The mean incubation time for a type of fertilized egg kept a

The mean incubation time for a type of fertilized egg kept at 100.6F is 19 days. Suppose that the incubation times are approximately normally distributed with a standard deviation of 1 day.

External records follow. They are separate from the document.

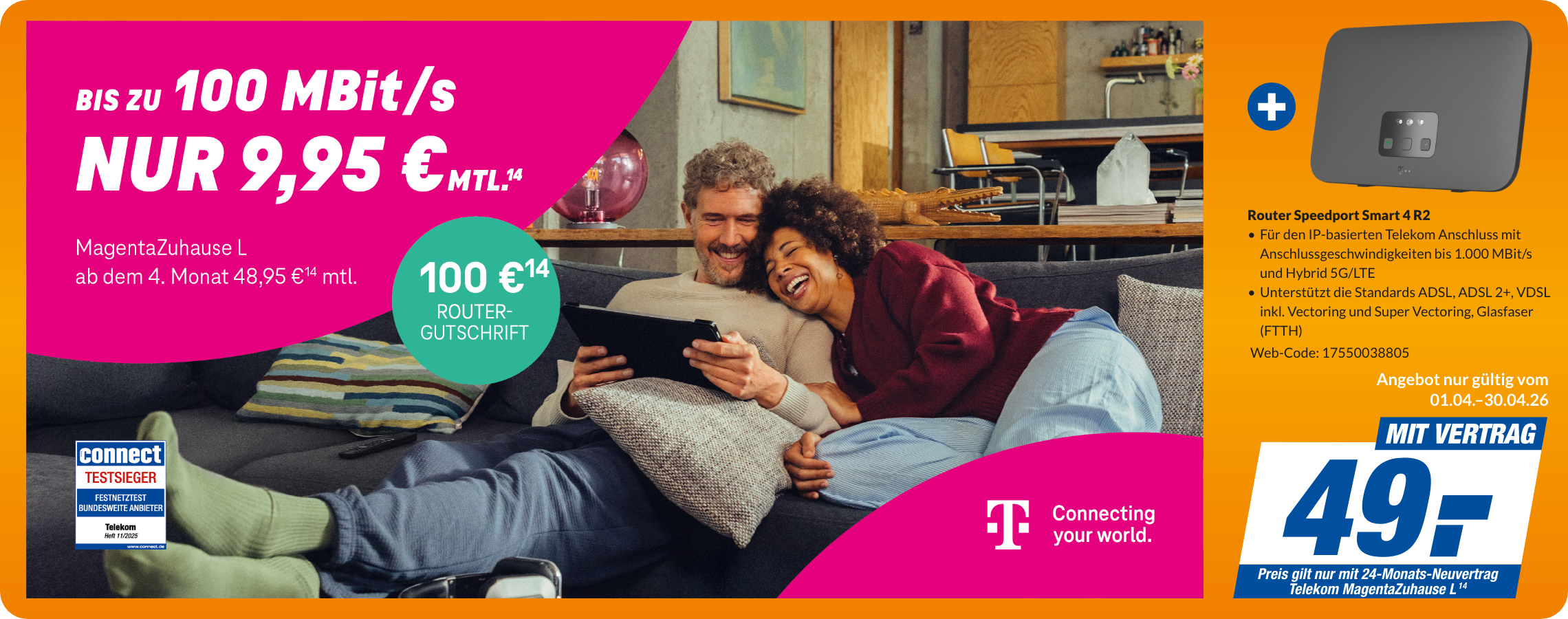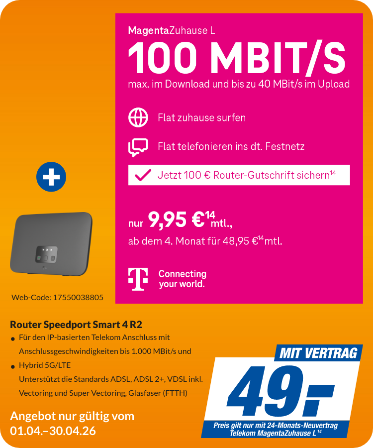14 Aktion gilt bis 30.06.2026 für Breitband-Neukunden, die in den letzten 3 Monaten keinen Breitbandanschluss bei der Telekom hatten. MagentaZuhause L kostet in den ersten 3 Monaten 9,95 €/Monat, danach 48,95 €/Monat. Bei Miete eines Routers im Endgeräte-Service-Paket (ab 6,95 €/Monat) erfolgt eine Router-Gutschrift i. H. v. 100 €. Hardware zzgl. 6,95 € Versandkosten. Einmaliger Bereitstellungspreis für neuen Telefonanschluss 69,95 €. Mindestvertragslaufzeit für MagentaZuhause 24 Monate, für den Router 12 Monate. MagentaZuhause L ist in vielen Anschlussbereichen verfügbar. Alle Preise inkl. der gesetzlichen MwSt.
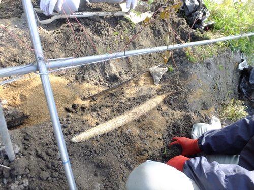 栽培方法を聞くと、まず半分に切った雨どいのようなパイプを使用するそう。そこに砂を敷き詰め地中に埋めて、地上に等間隔に置いた種イモに土をかぶせ、根をパイプに誘引する。パイプに沿って成長させる仕組み。そうすると、まっすぐな自然薯ができます。掘り起こすにも作業がしやすいそう。種イモの周りには栄養が必要ですが、パイプの砂は栄養は入れません。そうすると真っ白で灰汁のない自然薯が育ちます。
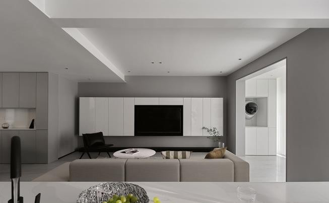 哑光的灰色涂料造就的空间格外安定,悬浮柜则是亮面烤漆白色为主,这种白色能够很好的折射光线,让空间显得更加明亮,无论晴雨,都有好的体验。

a.) What is the probability that a randomly selected fertilized egg hatches in less than 17 days?

b.) What is the probability that a randomly selected fertilized egg hatches between 18 and 19 days?

c.) What is the probability that a randomly selected fertilized egg takes over 21 days to hatch?

Solution

a)
Here x =17, mu=19 and sigma=1

z= (x -mu)/sigma=(17-19)/1= -2

Need to find , P(x<17)=P(z<-2)=0.0228(Ans.)

b)
Here x =18, mu=19 and sigma=1

z= (x -mu)/sigma=(18-19)/1= -1

Here x =19, mu=19 and sigma=1

z= (x -mu)/sigma=(19-19)/1= 0

Need to find , P(18<x<19)=P(-1<z<0)= ( 0.5 - 0.1587) = 0.3413 Answer

c)
Here x =21, mu=19 and sigma=1

z= (x -mu)/sigma=(21-19)/1= 2

Need to find , P(x>21)=P(z>2)=1 - .9772 = 0.0228(Ans.)